Five bucks buys you a profile built on a simple premise: we’ll deliver real, practical value to real researchers, every day. And we’ll do it staying a nonprofit that’s fiercely committed to independence, openness, and transparency. Want to fork our app and build a better one? Awesome, here’s all our code. Want access to the data behind your profile? Of course: it’s one click away, in JSON or CSV, as open as we can make it. And that ain’t changing. It’s who we are.

We’ve talked to a lot of users that feel $5/month is a fair deal. Which is great; we agree. But we know some folks may feel differently, and that’s great too. Because if you’re in that second group, we want to hear from you. We’re passionate about building the online profile you do think is worth $5 a month. In fact, we’re doing a huge round of interviews right now…if you’ve got ideas, drop us a line at team@impactstory.org and we’ll schedule a chat. Let’s change the world, together.

New signups will get a 14-day free trial. If you’re a user now, you’ll also get a 14-day trial; plus if you subscribe you’ll get a cool  “Impactstory: Early Adopter” sticker for your laptop. If you’re in a spot where you can’t afford five bucks a month, we understand.  We’ve got a no-questions-asked waiver; just drop us a line showing us how you’re linking to your Impactstory profile in your email signature and we’ll send you a coupon for a free account.

We’re nervous about this change in some ways; it’s not exactly what we’d imagined for Impactstory from the beginning. But we’re confident it’s the right call, and we’re excited about the future. We’re changing the world. And we’re delivering concrete value to users. And we’re not gonna stop.

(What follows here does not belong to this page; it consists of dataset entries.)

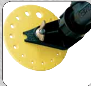
Rotating yellow calibration discs, adjusts easily to provide accurate and constant regulation of application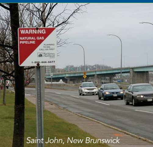
Saint John, New Brunswick

Professionals in our Gas Control Centre constantly monitor the flow of gas along the entire length of the pipeline so as to detect pressure loss on the system. In the unlikely event that a rapid or significant pressure loss is detected in an urban area, the valves upstream and downstream of the incident will be closed immediately, limiting the amount of natural gas that could be released.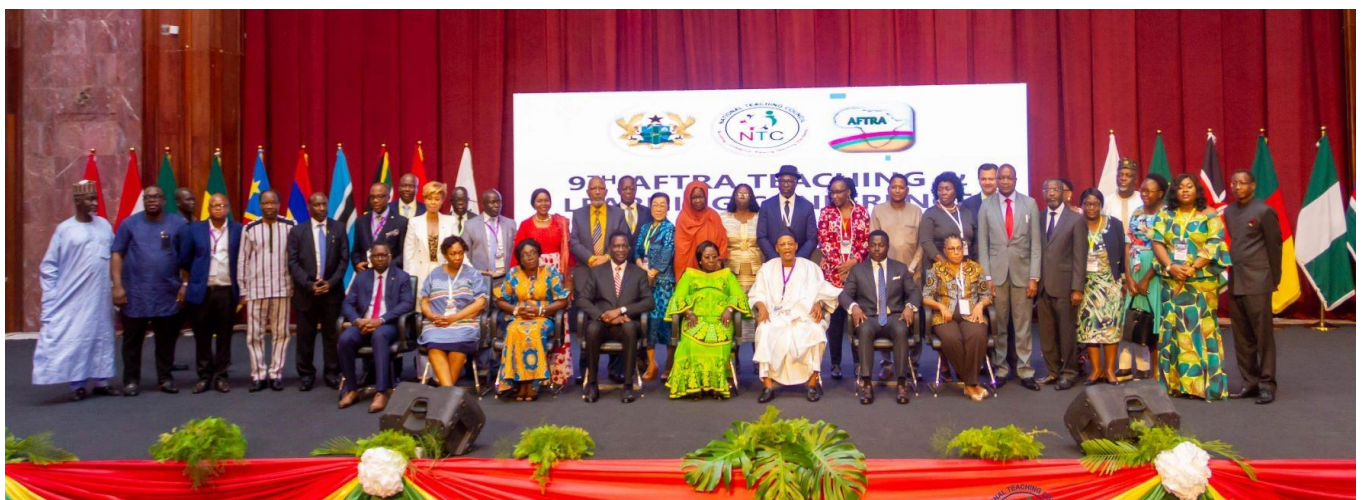
Ministers of Education and Dignitaries' photo session @ Ghana 2022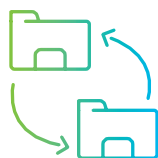
Financial flexibility and control of your money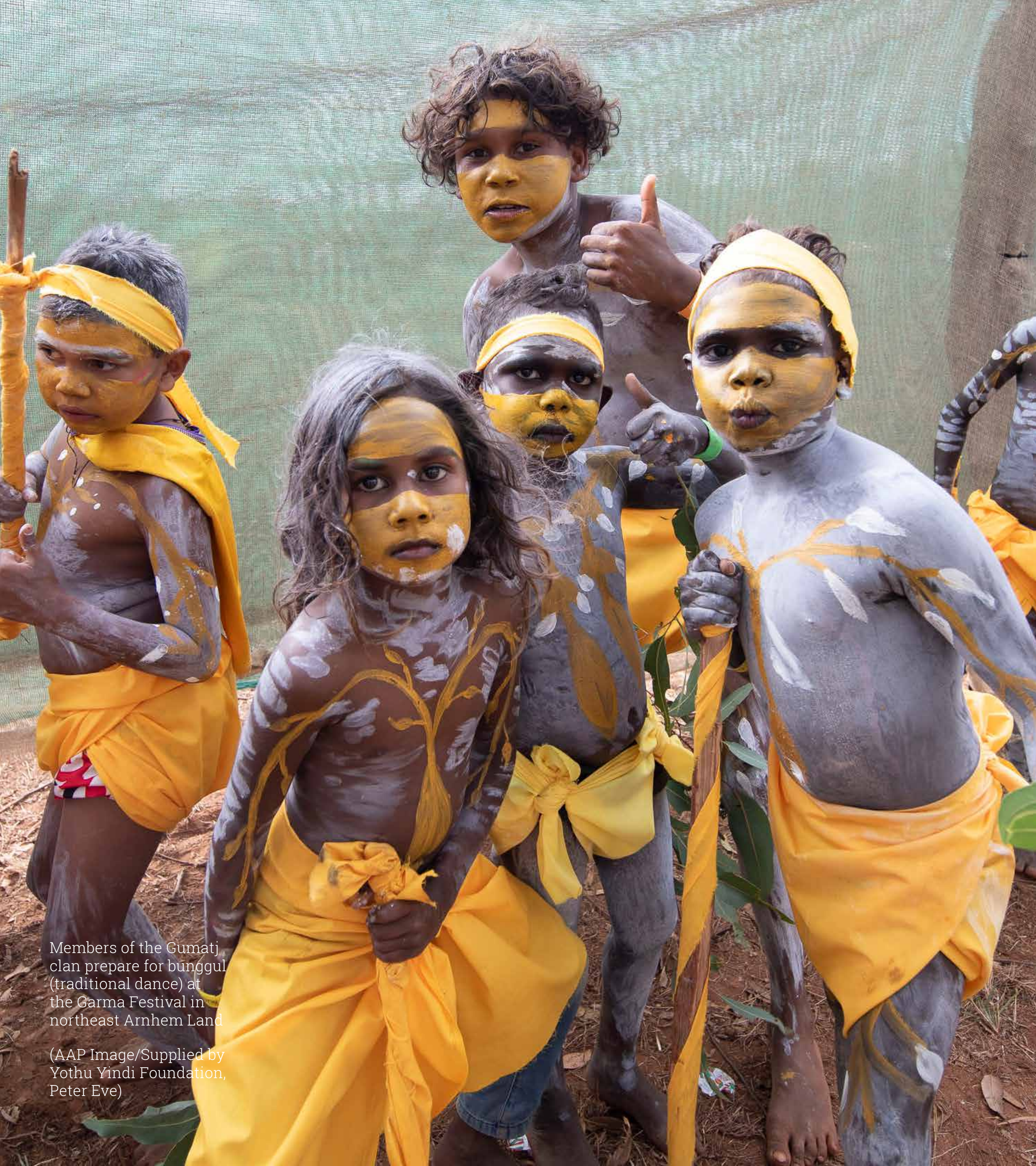
Members of the Gumatj clan prepare for bunggul (traditional dance) at the Garma Festival in northeast Arnhem Land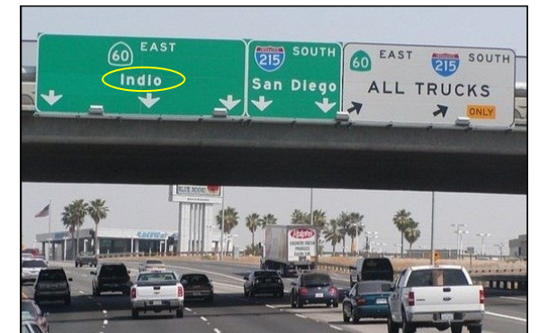
Interstate #215 Escondido Freeway southbound out of Riverside at CA-#60 Moreno Valley Freeway interchange, east to Indio.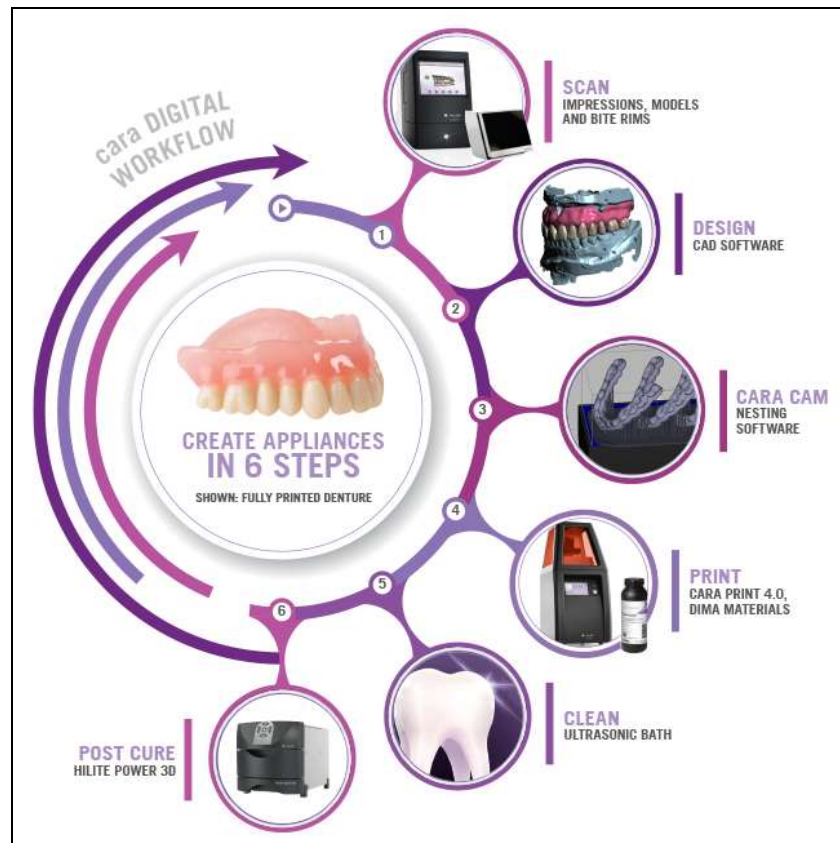
Fig 2: 3D technology for dental appliance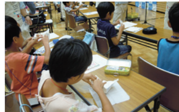
You can open milk cartons cleanly and quickly by hand.

Our recycling workshop, which was held as part of the events hosted by Shimizucho Regional Exchange Center, was attended by 33 elementary school children in grades 3 to 6. These children from Shimizucho elementary school skillfully disassembled milk cartons by hand because they do this every day after school meals. The COMCEI staff held a study session in the student's free time so that they could learn more about paper cartons and the raw materials that made up a cartons in front of them.

12 thoughts on “Starting today, Impactstory profiles will cost $5/month. Here’s why that’s a good thing.

  1. Dear Impactstory team,
    for my five bucks, I’d like to add ‘indirect’ tweets to the wishlist. So far, article impact is measured based on tweets sent via the journal website. Other tweets about the article, incl those on news stories don’t seem to get picked up. I’d be great to include tweets that don’t come directly from the publishing journal.

    Keep up the good work!

    • Wanted to follow up with a clarification: we do already track some of the indirect tweets you mention. Any tweet that links to the paper on the journal website, or pre-print server, or a particular URL where the paper resides. If you’re missing tweets to a paper and those tweets meet these “rules,” we should have a closer look. If that’s the case, mind sending an email with details on the paper and a link to some of the missing tweets to tickets@impactstory.uservoice.com?

      That said, we do not currently track tweets to blog posts and news articles mentioning a journal article, unless an Impactstory user adds those links to their profile, too. I’ve clarified the Suggestion on our Feedback Forum to better reflect that.

      – stacy

  2. Ethan Garner says:

    Uh, this makes me really worry. Charging before you have a good market share, or are well known… Thats the tipping point where many companies fall down.

    I want ImpactStory to succeed.. I just fear this is going to kill it. Like Faculty of 1000. No one uses it anymore.

    • Hi Ethan,

      Thanks for your support! Don’t worry, we’re going to continue to a) roll out kick-butt, professional-grad features that will be worth paying for and b) build our user base.